Akhirnya, dengan mantap Umar pun memutuskan untuk pulang, urung meneruskan perjalanan.

"Baiklah, besok pagi-pagi aku akan kembali. Karena itu, bersiap-siaplah," imbau Umar.

 

Dari satu takdir, ke takdir lain

Namun rupanya, keputusan Umar pun harus kembali mendapatkan pertentangan. Abu Ubaidah mengungkapkan ketidak-puasannya.

"Wahai Amirul Mukminin, apakah kita hendak lari dari takdir Allah?" kata Abu Ubaidah. 

Baca: Pernah Suatu Ketika, Cuma Nabi yang Tak Terserang Wabah

 

Mendengar pertanyaan Abu Ubaidah, Umar sedikit heran. Dia berkata, "Mengapa kau, Ubaidah? Ya, kita lari dari takdir Allah kepada takdir Allah yang lain."

Demi memberikan pencerahan untuk keputusan bulatnya, Umar menganalogikan, jika seseorang memiliki seekor unta lalu turun ke lembah yang mempunyai dua sisi. Yang satu subur, dan yang lain tandus. 

"Jika engkau menggembalakan untamu di tempat tandus adalah takdir Allah, maka Bukankah jika engkau mengembalakannya di tempat yang subur, berarti engkau menggembala dengan takdir Allah juga? Tegas Umar. 

Setelah Umar menejelaskan, datanglah Abdurrahman bin Auf menghadap. Dia berkata, "Aku mengerti masalah ini."

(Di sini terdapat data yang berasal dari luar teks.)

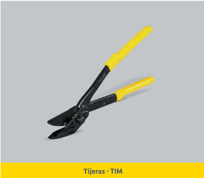
Tijeras · TIM

ANCHO DEL FLEJE (mm) : 13 / 16 / 19 / 32 ESPESOR DEL FLEJE: 0,4 - 1 mm
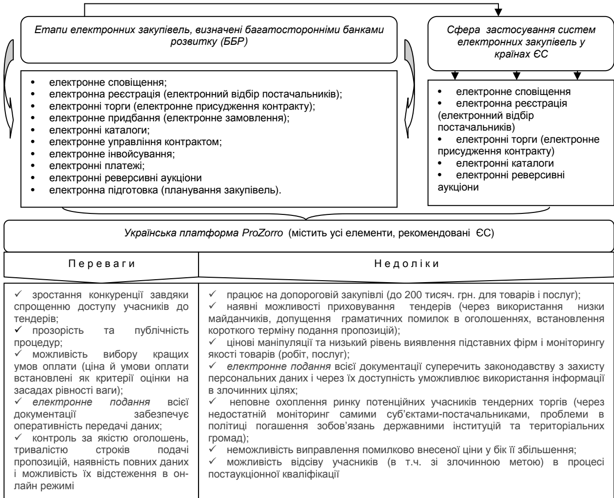
Рис. 1. Основні переваги та недоліки електронної системи публічних закупівель ProZorro

Якщо інтерпретувати вищенаведене означення з точки зору учасника торгів (у ролі надавача пропозицій з питань поставок товарів, робіт чи послуг), то такий контроль слід віднести до категорії внутрішнього. Тобто його завданням є пошук компромісного рішення, прийняттого та вигідного для обох суб'єктів торгів. Можливо пропоноване трактування є дискусійним, однак в пересічному розумінні (на рівні простого користувача не юридичного профілю), воно не дає вичерпної однозначної думки та виглядає недостатньо пов'язаним з рештою рекомендацій, зокрема щодо суб'єктів реалізації державної політики у сфері державного фінансового контролю.
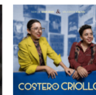
Costero Criollo 2025
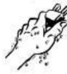
NO MANI BAGNATE
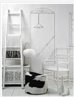
produção Preto no Branco, Máxima Interiores, foto de Paulo Lima, meu desenho / Black n' White editorial, Máxima Interiores, picture by Paulo Lima, styled by me
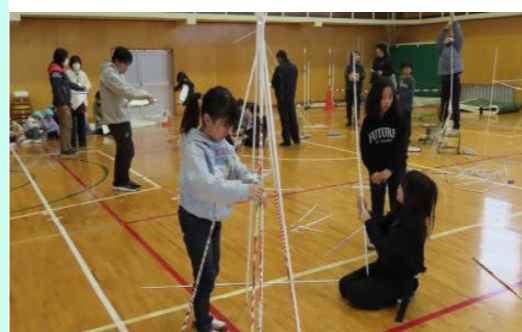
学びのかけ橋プロジェクト 幼・小・中の連携推進(公開授業)
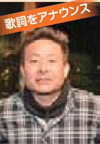
歌詞をアナウンス

シティ FM都城でラジオパーソナリティをしています。方言はふるさとの象徴だと思うので、失うことのないよう受け継いでいきたいですね。このラジオ体操も、まずは聴いて楽しんでもらい、方言の良さや大切さについて考えるきっかけにしたいです。子どもからお年寄りまで、世代を超えたコミュニケーションが活発になるよう願っています。
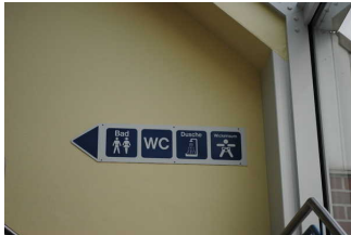
Mantelbogen visuell taktile Gestaltung
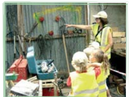
Les enfants, habillés de leur gilet de sécurité et munis de leur livret Prudence à la ferme, visitent les différents ateliers.
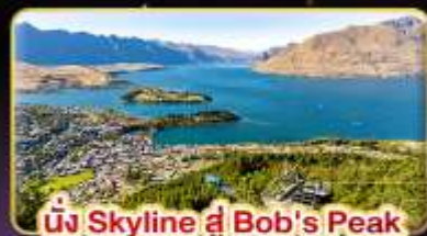
นั่ง Skyline ที่ Bob's Peak
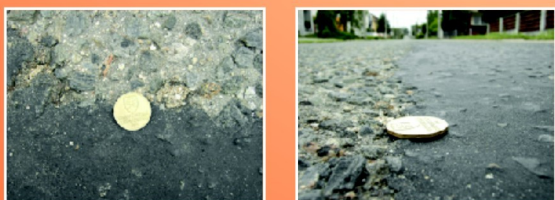
Rozdiel ošetrenej a neošetrenej cesty CRF aplikované v máji 2007 (fotka z júna 2007)

Regeneračná emulzia CRF je konkrétne navrhnutá pre vozovky, ktoré sú poškodené za bod, v ktorom by ešte pomohla malténová omladzovacia emulzia. Tieto typy vozoviek sa stali krehkými a vykazujú veľkú stratu jemného kameniva, olupovanie, a/lebo sieťové rozpady. Vozovky, ktoré majú príliš mnoho trhlín na to, aby sa utesňovali, ale ešte sú kandidátmi na mikrokoberec alebo prekrytie novou obrusnou vrstvou, sú ideálne pre ošetrenie hmotou CRF. CRF regeneračná emulzia je ekonomická a ľahko aplikovateľná alternatíva pre konvenčné ošetrenie povrchu, alebo môže byť použitá ako prípravné ošetrenie povrchu pre tieto metódy za účelom zredukovania reflexných trhlín. CRF regeneračná emulzia regeneruje stávajúci asfalt tým, že drží vrstvu pridávaného piesku na mieste, umožňujúc mu vyplniť veľké medzery a trhliny v ceste. Po použití je CRF pružné a odolné vo všetkých klimatických podmienkach. Kombinácia piesku/emulzie je zmiešaná a zapracovaná do povrchu automobilovou dopravou a postupom času a teploty vytvorí trvalé utesnenie.
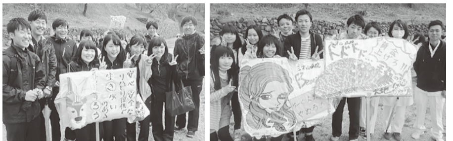
金賞に輝いた長厚労リハセンター支部のプラカードは、全て手書きが金賞の決め手

水戸・つくば・鹿行地域のメーデー集会に各支部から参加。土浦支部は、救護班も担当しました。会場では、茨厚労の16秋闘に対する支援への感謝と共に地域医療・地域社会を守り発展させるために運動を進めていこうと呼びかけました。中央メーデー決議には、「今年県内の春闘では、茨城県厚生連の病院での医師や看護師の賃下げ、労働条件の切り下げが大きな問題となりました。これまでも12月の一時金は2ヶ月出ているものが0.5ヶ月とし、退職金の積み増しを凍結するという提案がされました。この問題は、病院で働く労働者だけの問題ではなく、地域医療と健全な地域社会の存続にとっても非常に重要であるということも再確認
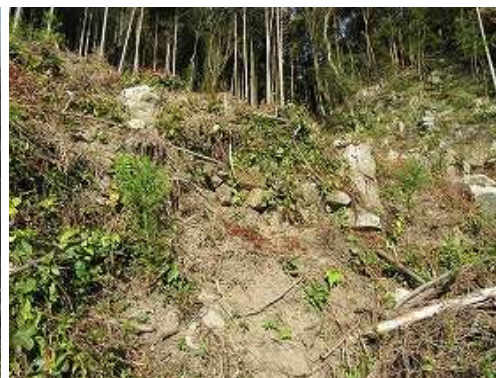
北斜面上部に鷲ヶ岳城の石垣を見つける。是より先は、難路となる。
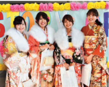
振り袖など華やかな衣装に身を包み同級生との再会を楽しみました

市民会館で1月13日に行われた成人式。今年は1,376人の新成人が出席しました。プロジェクトメンバーによる記念行事では、中学校時代の先生からのビデオレターが流れ会場は笑顔に。3年後の自分への手紙や後輩へコメントを送るコーナーも用意しました。「OB・OGなどたくさんの人の協力で実現できました」と新成人でもある同メンバーのみなさん。感謝の気持ちを忘れずに、晴れ舞台を楽しみました。
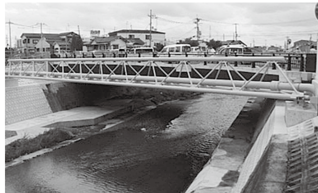
▲西除川にかかる水道管用の橋(水管橋)
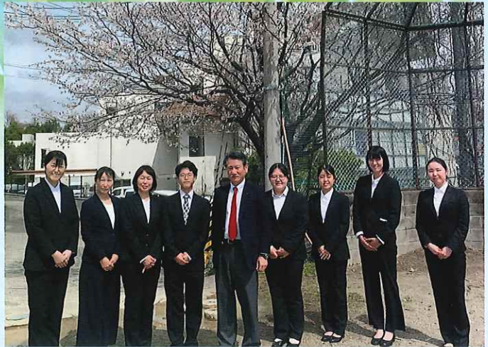
2025年度新規採用者の皆さんと

発行：聖ヨハネ学園後援会 〒569-1032 高槻市宮之川原2-9-1 TEL&FAX 072-687-0548
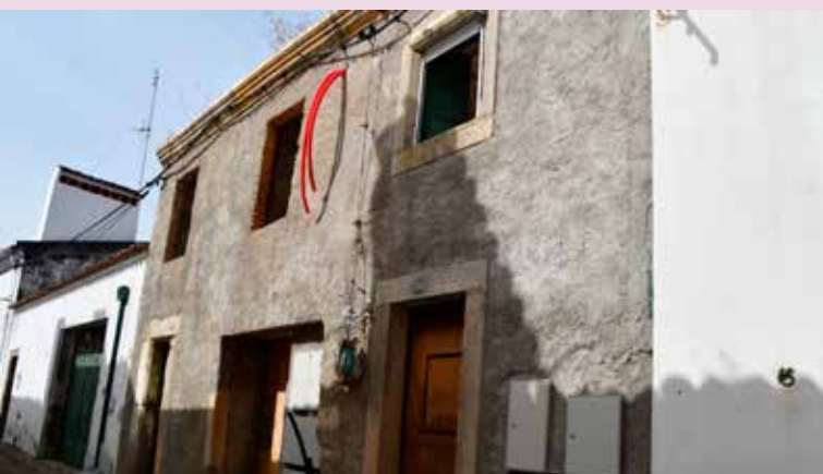
NISA – Conservação de casas no Centro Histórico (214.980,00€)
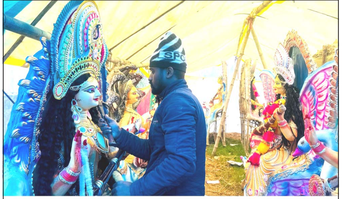
सरस्वतीको मूर्तिमा रङ लगाउँदै मूर्तिकार: सर्लाहीको मलङ्गवा नगरपालिका-४ मा विद्याकी देवी सरस्वतीको मूर्तिमा रङ लगाउँदै मूर्तिकार। श्रीपञ्चमी अर्थात् सरस्वतीपूजाका दिन सरस्वतीको मन्दिर वा शैक्षिक संस्थामा गएर सरस्वतीको मूर्तिमा पूजा आराधना गर्ने गरिन्छ।

“यदि भन्सार महसूल वर्षभरि कायम रह्यो भने मेक्सिकोको जिडपी सन् २०२५ मा चार प्रतिशतले घट्न सक्छ”-उनले चेतावनी दिए-“सन् २०२४ को अन्त्यसम्म मेक्सिको मन्वीको सँघारमा थियो। यदि यो भन्सार महसूल केही महीनासम्म रह्यो भने मेक्सिकाली अर्थतन्त्र गम्भीर मन्वीमा जानेछ।” रासस
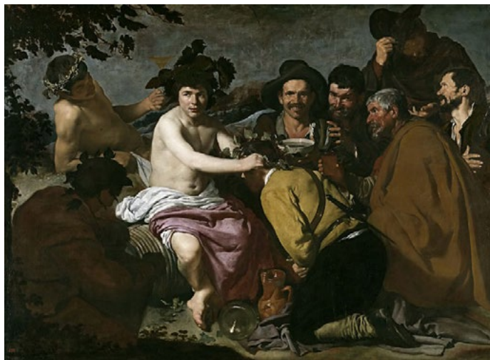
Рисунок 1. Картина «Пьяницы» Диего Веласкеса

Бакко сидит и выделяется своей позицией, своей наготой, светом, короной из виноградных листьев... Три стадии опьянения представлены благодаря выражениям персонажей.
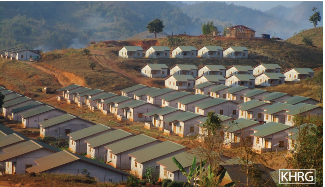
ဤပုံအား ၂၀၂၀ ခုနှစ်၊ ဖေဖော်ဝါရီလ ၆ ရက်နေ့တွင် ဒူးပလာယာခရိုင်၊ ကော်တရီ (ကော့ကရိတ်) မြို့နယ်၊ ကော်လားကျေးရွာကို ရိုက်ယူခဲ့သည့် ဗီဒီယိုထဲမှ ပုံကိုပြန်လည်ယူထားခြင်းဖြစ်ပါသည်။ ကော်လားကျေးရွာသည် နေရပ်ပြန်သူများအတွက် ချမှတ်ထားသည့် ပြန်လည်နေရာချထားရေး နေရာထဲတွင် တစ်ခုအပါအဝင်ဖြစ်ပါသည်။ ဤပုံသည် ဒုက္ခသည်များနှင့် IDP နေရပ်ပြန်သူများအတွက် အသစ်ဆောက်လုပ်ထားသော အိမ်အလုံး သုံးရာ၏ပုံ ဖြစ်ပါသည်။
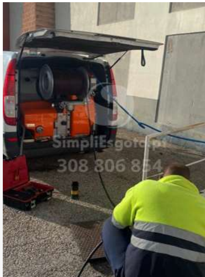
Sistema de Hidrojacto

As nossas intervenções são caracterizadas por um diagnóstico detalhado que nos permite avaliar cada situação em particular e definir qual o método mais adequado para a resolução do problema.
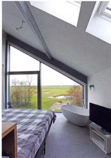
Wakker worden met een view
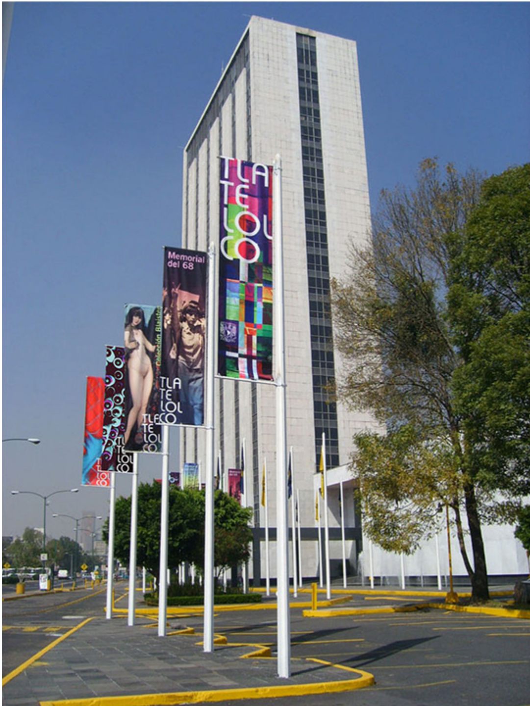
Miejsce masakry studentów, plac Tlatelolco.

Radykalizuje się po morderstwie setek ludzi, w większości studentów, w roku 1968. Korzystając z faktu, że za kilka dni miały się zacząć w Meksyku Letnie Igrzyska Olimpijskie, studenci wyszli na ulicę, ogłosili strajk, by mieć szansę przekazać
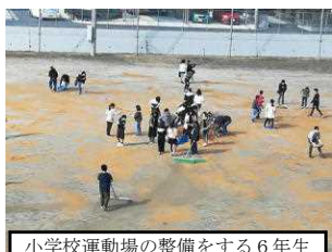
小学校運動場の整備をする6年生

六年生は、出し物のビデオは、各学級で視聴します。今年、コロナ禍もあり、学校の様々な行事が制限されましたが、そのような中でも、六年生は全校児童のリーダーとしての役割をしっかりと担っていました。一年生の世話も機会ある毎にちゃんとやってくれました。先月、小学校の運動場に約六トンの砂を搬入しましたが、六年生全員と体育委員会の児童が、運動場全体に広げてくれました。
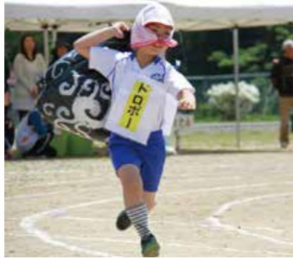
ドロボーの格好で走る児童に会場から大きな声援

Abdurrahman pun mengabarkan bahwa ia pernah mendengar bahwa Rasulullah pernah bersabda;

"Jika kalian mendengar ada wabah di suatu wilayah, janganlah kalian memasuki wilayah tersebut. Dan apabila kalian berada di wilayah yang terkena wabah, janganlah kalian keluar dan lari darinya. (HR Bukhari dan Muslim)

 

Semua rombongan mengamini. Sesuai keputusan yang diambil Umar, mereka pun segera bersiap berbalik menempuh perjalanan pulang.

 

Sumber: Disarikan dari beberapa hadis di Shahih Bukhari dan Shahih Muslim, serta kisah dari Qashash Al-Anbiya karya Ismail bin Umar Al-Quraisyi bin Katsir Al-Bashri Ad-Dimasyqi Asy-Syafi'i atau masyhur disebut Imam Ibnu Katsir.